First identify sensitive information that is stored in memory. Sensitive assets have likely been loaded into memory at some point. The objective is to verify that this information is exposed as briefly as possible.

To investigate an application's memory, you must first create a memory dump. You can also analyze the memory in real-time, e.g., via a debugger. Regardless of your approach, memory dumping is a very error-prone process in terms of verification because each dump contains the output of executed functions. You may miss executing critical scenarios. In addition, overlooking data during analysis is probable unless you know the data's footprint (either the exact value or the data format). For example, if the app encrypts with a randomly generated symmetric key, you likely won't be able to spot it in memory unless you can recognize the key's value in another context.

Therefore, you are better off starting with static analysis.

Static Analysis

When performing static analysis to identify sensitive data that is exposed in memory, you should:

  • Try to identify application components and map where data is used.
  • Make sure that sensitive data is handled by as few components as possible.
  • Make sure that object references are properly removed once the object containing the sensitive data is no longer needed.
  • Make sure that garbage collection is requested after references have been removed.
  • Make sure that sensitive data gets overwritten as soon as it is no longer needed.
    • Don't represent such data with immutable data types (such as String and BigInteger).
    • Avoid non-primitive data types (such as StringBuilder).
    • Overwrite references before removing them, outside the finalize method.
    • Pay attention to third-party components (libraries and frameworks). Public APIs are good indicators. Determine whether the public API handles the sensitive data as described in this chapter.

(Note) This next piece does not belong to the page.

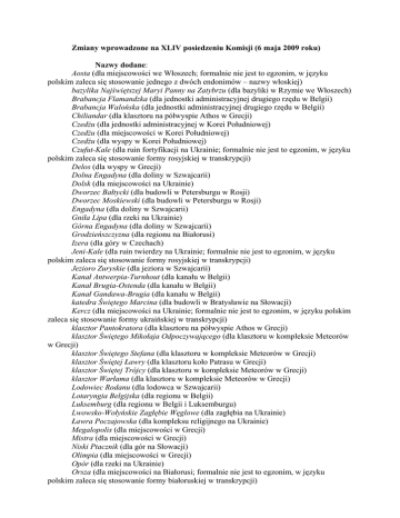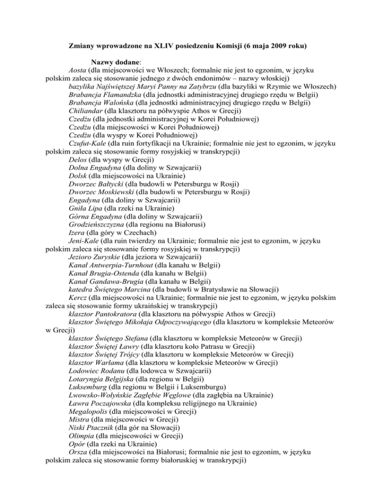 Zmiany wprowadzone na XLIV posiedzeniu Komisji (6 maja 2009 roku) Nazwy dodane: Aosta (dla miejscowości we Włoszech; formalnie nie jest to egzonim, w języku polskim zaleca się stosowanie jednego z dwóch endonimów – nazwy włoskiej) bazylika Najświętszej Maryi Panny na Zatybrzu (dla bazyliki w Rzymie we Włoszech) Brabancja Flamandzka (dla jednostki administracyjnej drugiego rzędu w Belgii) Brabancja Walońska (dla jednostki administracyjnej drugiego rzędu w Belgii) Chiliandar (dla klasztoru na półwyspie Athos w Grecji) Czedżu (dla jednostki administracyjnej w Korei Południowej) Czedżu (dla miejscowości w Korei Południowej) Czedżu (dla wyspy w Korei Południowej) Czufut-Kale (dla ruin fortyfikacji na Ukrainie; formalnie nie jest to egzonim, w języku polskim zaleca się stosowanie formy rosyjskiej w transkrypcji) Delos (dla wyspy w Grecji) Dolna Engadyna (dla doliny w Szwajcarii) Dolsk (dla miejscowości na Ukrainie) Dworzec Bałtycki (dla budowli w Petersburgu w Rosji) Dworzec Moskiewski (dla budowli w Petersburgu w Rosji) Engadyna (dla doliny w Szwajcarii) Gniła Lipa (dla rzeki na Ukrainie) Górna Engadyna (dla doliny w Szwajcarii) Grodzieńszczyzna (dla regionu na Białorusi) Izera (dla góry w Czechach) Jeni-Kale (dla ruin twierdzy na Ukrainie; formalnie nie jest to egzonim, w języku polskim zaleca się stosowanie formy rosyjskiej w transkrypcji) Jezioro Zuryskie (dla jeziora w Szwajcarii) Kanał Antwerpia-Turnhout (dla kanału w Belgii) Kanał Brugia-Ostenda (dla kanału w Belgii) Kanał Gandawa-Brugia (dla kanału w Belgii) katedra Świętego Marcina (dla budowli w Bratysławie na Słowacji) Kercz (dla miejscowości na Ukrainie; formalnie nie jest to egzonim, w języku polskim zaleca się stosowanie formy ukraińskiej w transkrypcji) klasztor Pantokratora (dla klasztoru na półwyspie Athos w Grecji) klasztor Świętego Mikołaja Odpoczywającego (dla klasztoru w kompleksie Meteorów w Grecji) klasztor Świętego Stefana (dla klasztoru w kompleksie Meteorów w Grecji) klasztor Świętej Ławry (dla klasztoru koło Patrasu w Grecji) klasztor Świętej Trójcy (dla klasztoru w kompleksie Meteorów w Grecji) klasztor Warłama (dla klasztoru w kompleksie Meteorów w Grecji) Lodowiec Rodanu (dla lodowca w Szwajcarii) Lotaryngia Belgijska (dla regionu w Belgii) Luksemburg (dla regionu w Belgii i Luksemburgu) Lwowsko-Wołyńskie Zagłębie Węglowe (dla zagłębia na Ukrainie) Ławra Poczajowska (dla kompleksu religijnego na Ukrainie) Megalopolis (dla miejscowości w Grecji) Mistra (dla miejscowości w Grecji) Niski Ptacznik (dla gór na Słowacji) Olimpia (dla miejscowości w Grecji) Opór (dla rzeki na Ukrainie) Orsza (dla miejscowości na Białorusi; formalnie nie jest to egzonim, w języku polskim zaleca się stosowanie formy białoruskiej w transkrypcji) Pałac Dioklecjana (dla budowli w Splicie w Chorwacji) Postojna (dla jaskini w Słowenii) Ptacznik (dla góry na Słowacji) Pylos (dla miejscowości w Grecji) Region Flamandzki (dla jednostki administracyjnej w Belgii) Region Stołeczny Brukseli (dla jednostki administracyjnej w Belgii) Region Waloński (dla jednostki administracyjnej w Belgii) Sankt Moritz (dla miejscowości w Szwajcarii; formalnie nie jest to egzonim, w języku polskim zaleca się stosowanie jednego z endonimów – nazwy niemieckiej) Słonim (dla miejscowości na Białorusi; formalnie nie jest to egzonim, w języku polskim zaleca się stosowanie formy białoruskiej w transkrypcji) Słuck (dla miejscowości na Białorusi; formalnie nie jest to egzonim, w języku polskim zaleca się stosowanie formy białoruskiej w transkrypcji) Szack (dla miejscowości na Białorusi; formalnie nie jest to egzonim, w języku polskim zaleca się stosowanie formy białoruskiej w transkrypcji) Szczuczyn (dla miejscowości na Białorusi; formalnie nie jest to egzonim, w języku polskim zaleca się stosowanie formy białoruskiej w transkrypcji) Watopedi (dla klasztoru na półwyspie Athos w Grecji) Wielka Ławra dla klasztoru na półwyspie Athos w Grecji) Wielki Meteor wraz z egzonimem wariantowym klasztor Przemienienia Pańskiego (dla klasztoru w kompleksie Meteorów w Grecji) Wielkie Kniazikowce (dla miejscowości na Białorusi) Wilejka (dla miejscowości na Białorusi) Wyhorlat (dla góry na Słowacji) Wysoki Ptacznik (dla gór na Słowacji) Wyspa Książęca (dla jednostki administracyjnej Wysp Świętego Tomasza i Książęca) Zadwórze (dla miejscowości na Ukrainie) Zamek Królewski (dla budowli w Budapeszcie na Węgrzech) Zamek Praski (dla budowli w Pradze w Czechach) Nazwy zmienione: Archipelag Nordenskiölda (zamiast Archipelag Nordenskjölda dla wysp w Rosji) Azad Dżammu i Kaszmir (zamiast Azad Kaszmir dla jednostki administracyjnej w Pakistanie) kaplica Boimów (zamiast Kaplica Boimów dla budowli na Ukrainie) klasztor Bazylianów (zamiast Klasztor Bazylianów dla budowli na Litwie) mauzoleum Władysława Warneńczyka (zamiast Mauzoleum Władysława Warneńczyka dla budowli w Bułgarii) świątynia Nike (zamiast Świątynia Nike dla budowli w Grecji) wieża Giedymina (zamiast Wieża Giedymina dla budowli na Litwie) wieża Wiatrów (zamiast Wieża Wiatrów dla budowli w Grecji) Egzonimy skasowane: Bazylea (dla jednostki administracyjnej w Szwajcarii) Brabancja (dla jednostki administracyjnej drugiego rzędu w Belgii) Czerwonogród (dla ruin zamku na Ukrainie) Sanicze (dla miejscowości na Białorusi) Stolica Apostolska (w odniesieniu do długiej nazwy państwa; w użyciu pozostaje nadal drugi egzonim Państwo Watykańskie)

The following section describes pitfalls of data leakage in memory and best practices for avoiding them.

Don't use immutable structures (e.g., String and BigInteger) to represent secrets. Nullifying these structures will be ineffective: the garbage collector may collect them, but they may remain on the heap after garbage collection. Nevertheless, you should ask for garbage collection after every critical operation (e.g., encryption, parsing server responses that contain sensitive information). When copies of the information have not been properly cleaned (as explained below), your request will help reduce the length of time for which these copies are available in memory.

To properly clean sensitive information from memory, store it in primitive data types, such as byte-arrays (byte[]) and char-arrays (char[]). You should avoid storing the information in mutable non-primitive data types.

Make sure to overwrite the content of the critical object once the object is no longer needed. Overwriting the content with zeroes is one simple and very popular method:

Example in Java:

byte[] secret = null;
try{
    //get or generate the secret, do work with it, make sure you make no local copies
} finally {
    if (null != secret) {
        Arrays.fill(secret, (byte) 0);
    }
}

Example in Kotlin:

val secret: ByteArray? = null
try {
     //get or generate the secret, do work with it, make sure you make no local copies
} finally {
    if (null != secret) {
        Arrays.fill(secret, 0.toByte())
    }
}

This doesn't, however, guarantee that the content will be overwritten at runtime. To optimize the bytecode, the compiler will analyze and decide not to overwrite data because it will not be used afterwards (i.e., it is an unnecessary operation). Even if the code is in the compiled DEX, the optimization may occur during the just-in-time or ahead-of-time compilation in the VM.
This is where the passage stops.